[Records shown Boundary: Start]

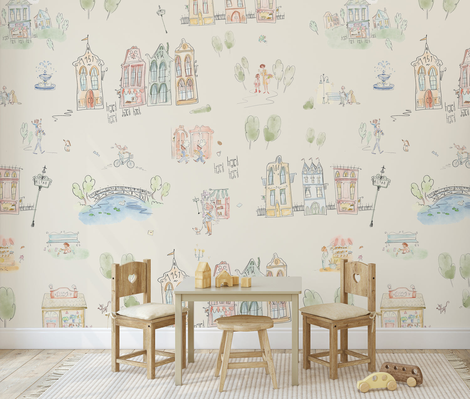 Alice is a Cornwall based illustrator known for her whimsical, story driven style. Her work blends warmth, imagination, and subtle detail, creating richly layered worlds that feel both playful and timeless. Alice is the artist behind our Métropole wall mural, bringing a charming cityscape to life with her distinctive hand and narrative touch.
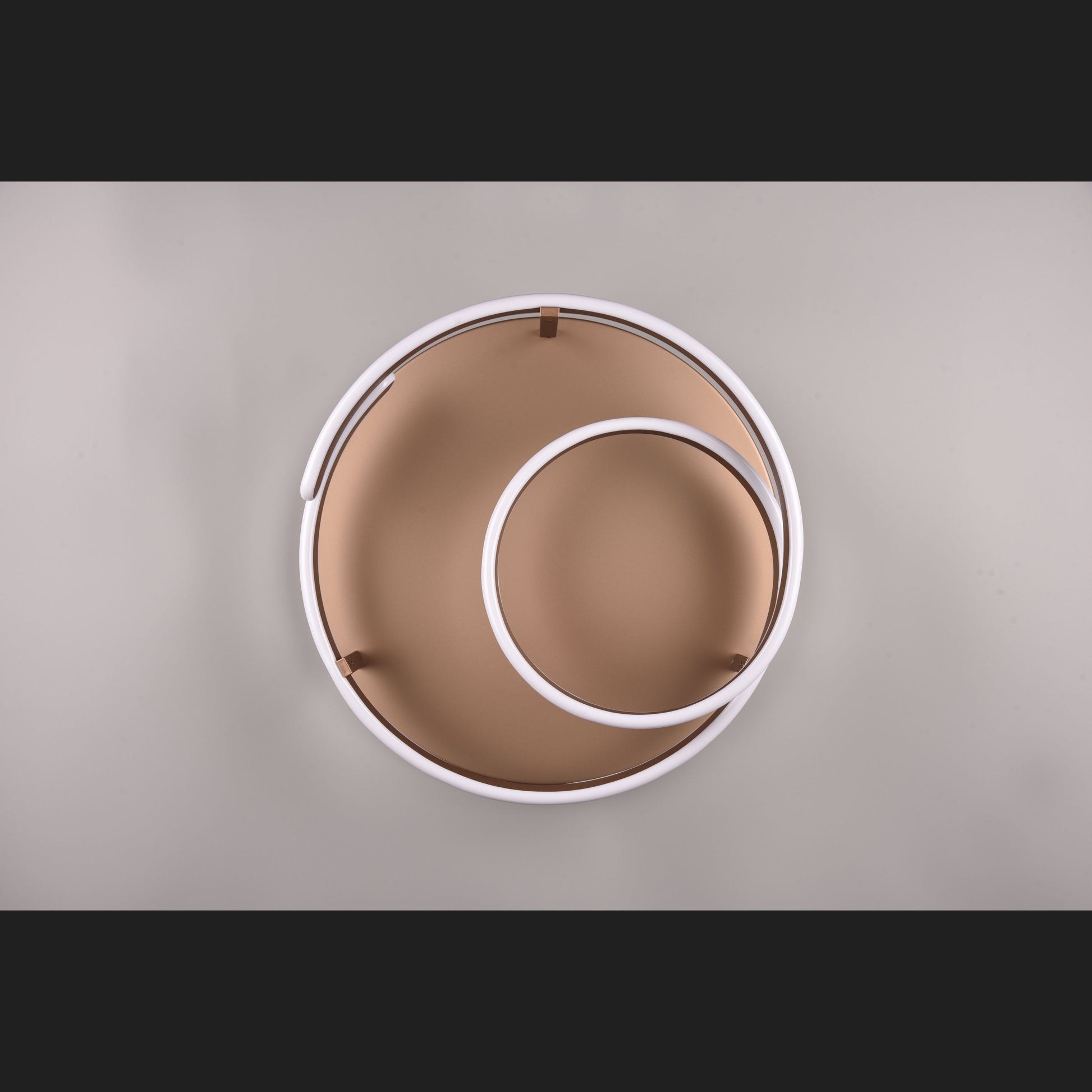 The MARNIE ceiling light plays with its curved shape and makes a strong statement. The spiral-shaped luminaire makes a big impact in the dining room or living room above a table. The indirect lighting enriches your living area with a pleasant lighting ambience. Thanks to the SWITCH dimmer, the light can be dimmed in stages (100%, 50% and 25%) using a conventional light switch. Create a special centrepiece in your living space! The special design language and the colour scheme in coffee set modern accents in your interior. The luminaire also features modern LED technology, which is characterised by high light quality and energy efficiency. Compared to conventional halogen light sources, up to 80% of energy costs can be saved. With LED light sources, you also benefit from a long service life and low heat generation while protecting the environment.
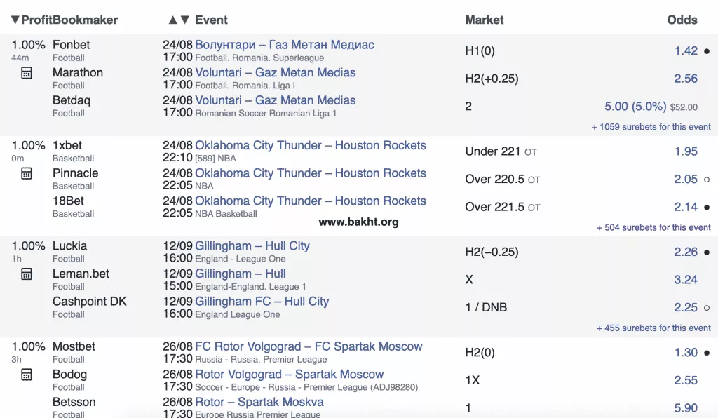 مجموعه Surebet.com، بخشی برای شور بت به صورت رایگان دارد. این پیشنهادات همه ورزشها را شامل میشوند.
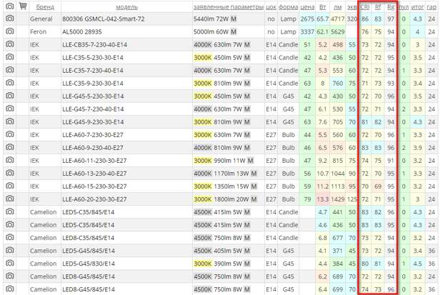 Давно замечено, что иногда попадаются лампы, у которых все параметры, включая индексы цветопередачи, отличные, а свет неприятный из-за зеленоватого или какого-либо другого оттенка. Опознать такие лампы позволяет новый параметр Delta Uv (Duv), это отклонение оттенка цвета от нейтрального. Чем меньше значение этого параметра, тем лучше. Считается, что свет белый, когда Duv меньше 0.02. Пока что этот параметр отображается только в карточке лампы на сайте.
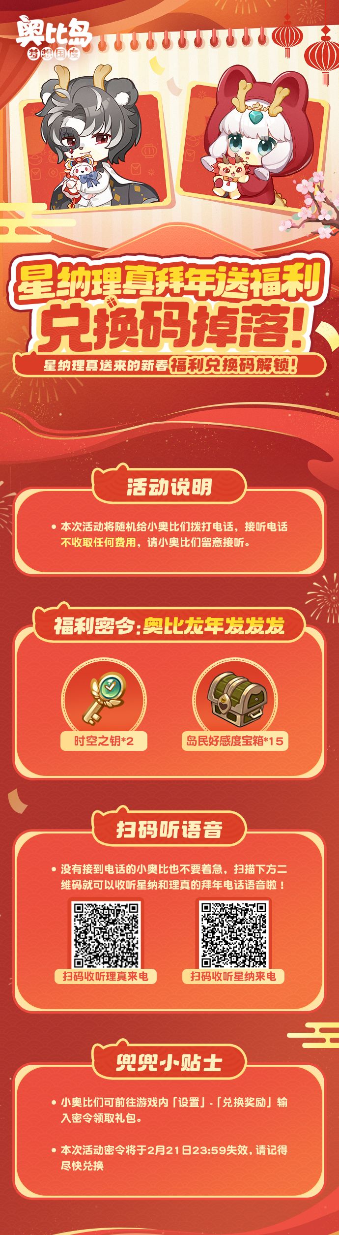 星纳和理真给大家带来新年福利密令:【奥比龙年发发发】。小奥比们可前往游戏内「设置」-「兑换奖励」输入密令,即可领取【时空之钥*2、岛民好感度自选箱*15】,密令将于2月21日23:59失效,请记得尽快兑换噢~详细奖励可戳下图查看👇

[Records shown Boundary: End]

Problem - Output exactly the lines above that lie between the line with "مجموعه Surebet.com، بخشی" and the line with "Давно замечено, что", those two lines included, and no pictures.

Reply to the task -
 مجموعه Surebet.com، بخشی برای شور بت به صورت رایگان دارد. این پیشنهادات همه ورزشها را شامل میشوند.
 Давно замечено, что иногда попадаются лампы, у которых все параметры, включая индексы цветопередачи, отличные, а свет неприятный из-за зеленоватого или какого-либо другого оттенка. Опознать такие лампы позволяет новый параметр Delta Uv (Duv), это отклонение оттенка цвета от нейтрального. Чем меньше значение этого параметра, тем лучше. Считается, что свет белый, когда Duv меньше 0.02. Пока что этот параметр отображается только в карточке лампы на сайте.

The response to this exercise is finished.